In India, dove è in corso la campagna elettorale, il caso è divenuto sempre più spinoso e ciascuno dei candidati in corsa mostra i muscoli davanti ai nostri militari per raccattare qualche voto in più. Ogni segnale di dialogo, di mediazione potrebbe essere scambiato per una debolezza in favore del ‘barbaro invasore’; un affaire politico, però, che si gioca sulla testa di due persone che si trovavano ad operare in quei mari in nome e per conto dell’Italia.

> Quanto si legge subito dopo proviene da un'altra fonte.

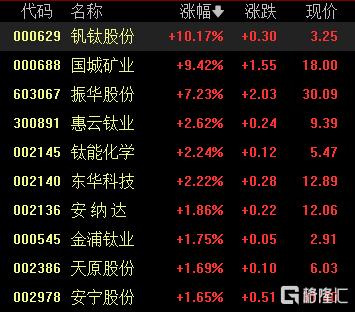 钛白粉概念大涨,钒钛股份涨停,国城矿业涨超9%,振华股份涨超7%,惠云钛业、钛能化学、东华科技等跟涨。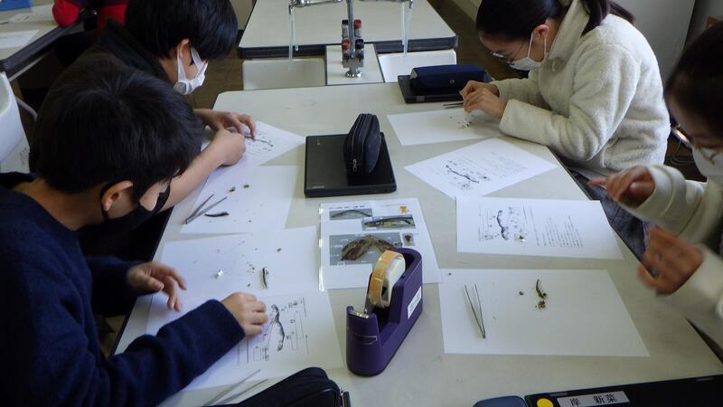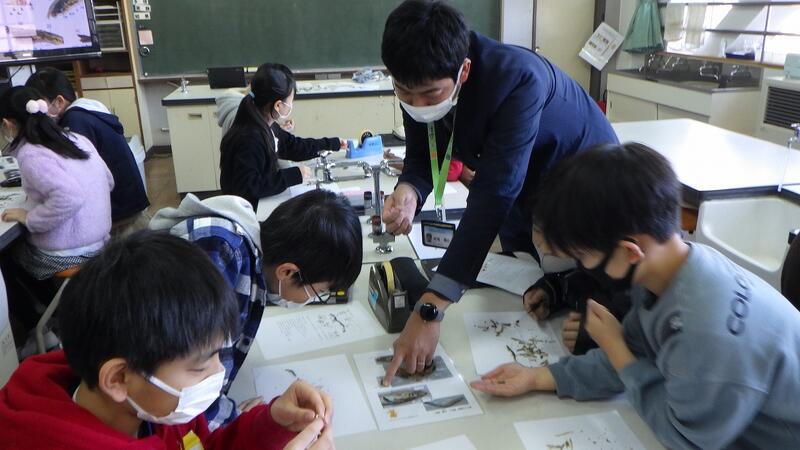 小中一貫教育事業として,中学校の教員が小学校で乗り入れ授業を行いました。乗り入れ授業は宇都宮市全体で実施している事業であり,中学校教員が小学生に授業を行うことで,小・中学校の連携を強化したり,相互理解を深めたりすることをねらいとしています。今回は,6年生が理科の解剖の授業を体験し,魚の体のつくりについて詳しく学習しました。子供たちは,先生の専門的な説明を聞きながら,魚(煮干し)の解剖に意欲的に取り組んでいました。心臓や肝臓,腸など体のつくりを興味深く観察していました。そして,中学校で学習する期待を高めていました。

A queste latitudini abbiamo sempre collegato l’India ai racconti affascinanti di Salgari, ai miti esoterici di quei luoghi e soprattutto agli insegnamenti del più rappresentativo degli indiani: Gandhi. L’uomo fortissimo in virtù della non violenza, della mitezza e del dialogo che in Italia continuiamo giustamente ad indicare come esempio di risoluzione nelle situazioni difficili e controverse. Ci piace ricordare una frase, forse la più celebre, che il Mahatma scrisse in occasione di una delle sue tante azioni pacifiche per raggiungere l’indipendenza dell’India dal Regno Unito: “I want world symphathy in this battle of right against might”, voglio la simpatia del mondo in questa battaglia di diritto contro la violenza. Parole distensive in momenti cruciali, frasi pacifiche nel bel mezzo di una rivoluzione, che stridono con quanto sta accadendo in queste ore in India e in Italia.
Così come gli studenti italiani imparano ed apprezzano le gesta di un uomo che meritoriamente è un simbolo di pace, è opportuno che i connazionali di Gandhi ripercorrano i suoi insegnamenti, gli stessi per i quali sono diventati nazione godendo del rispetto di tutti. Anche degli italiani.